### GIVEN MATERIAL
#####
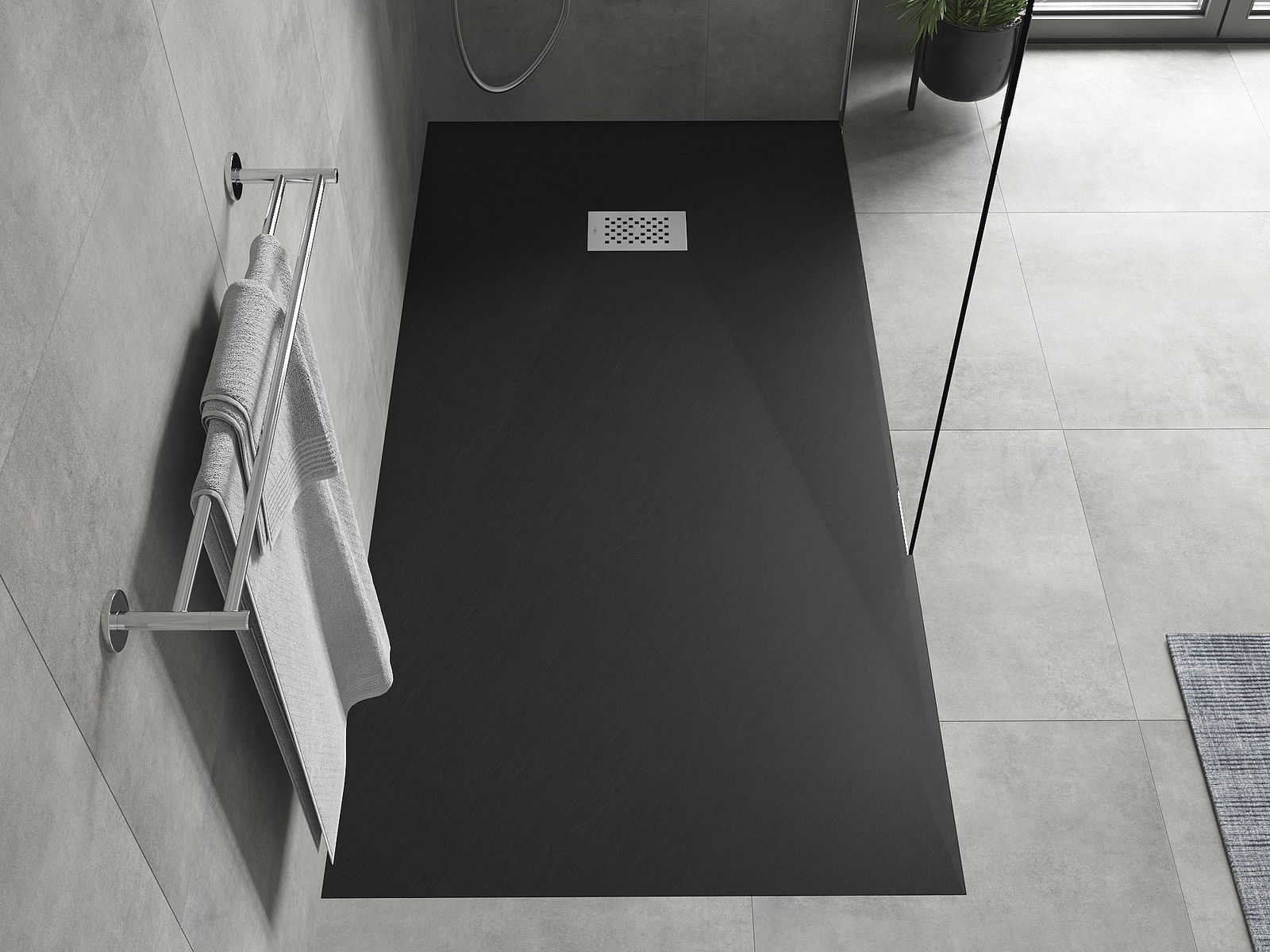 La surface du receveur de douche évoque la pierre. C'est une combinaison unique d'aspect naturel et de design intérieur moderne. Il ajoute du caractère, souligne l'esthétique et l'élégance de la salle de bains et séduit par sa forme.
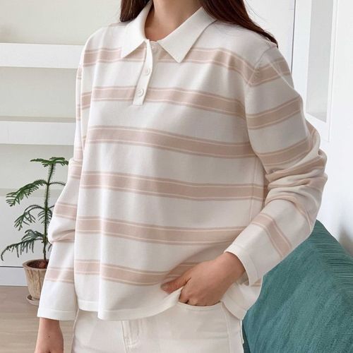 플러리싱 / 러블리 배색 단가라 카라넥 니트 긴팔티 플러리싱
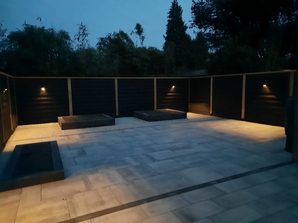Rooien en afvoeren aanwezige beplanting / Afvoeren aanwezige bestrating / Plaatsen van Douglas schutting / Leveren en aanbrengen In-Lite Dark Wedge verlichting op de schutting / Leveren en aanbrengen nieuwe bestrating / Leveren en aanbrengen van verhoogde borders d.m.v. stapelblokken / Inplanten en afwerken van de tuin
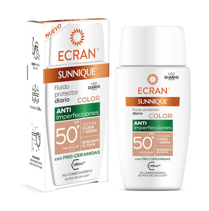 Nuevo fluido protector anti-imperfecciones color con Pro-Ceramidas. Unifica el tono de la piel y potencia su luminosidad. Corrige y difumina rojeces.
#####
Restate the whole of the material word for word without the pictures.

### SOLUTION TO THIS PROBLEM
 La surface du receveur de douche évoque la pierre. C'est une combinaison unique d'aspect naturel et de design intérieur moderne. Il ajoute du caractère, souligne l'esthétique et l'élégance de la salle de bains et séduit par sa forme.
 플러리싱 / 러블리 배색 단가라 카라넥 니트 긴팔티 플러리싱
Rooien en afvoeren aanwezige beplanting / Afvoeren aanwezige bestrating / Plaatsen van Douglas schutting / Leveren en aanbrengen In-Lite Dark Wedge verlichting op de schutting / Leveren en aanbrengen nieuwe bestrating / Leveren en aanbrengen van verhoogde borders d.m.v. stapelblokken / Inplanten en afwerken van de tuin
 Nuevo fluido protector anti-imperfecciones color con Pro-Ceramidas. Unifica el tono de la piel y potencia su luminosidad. Corrige y difumina rojeces.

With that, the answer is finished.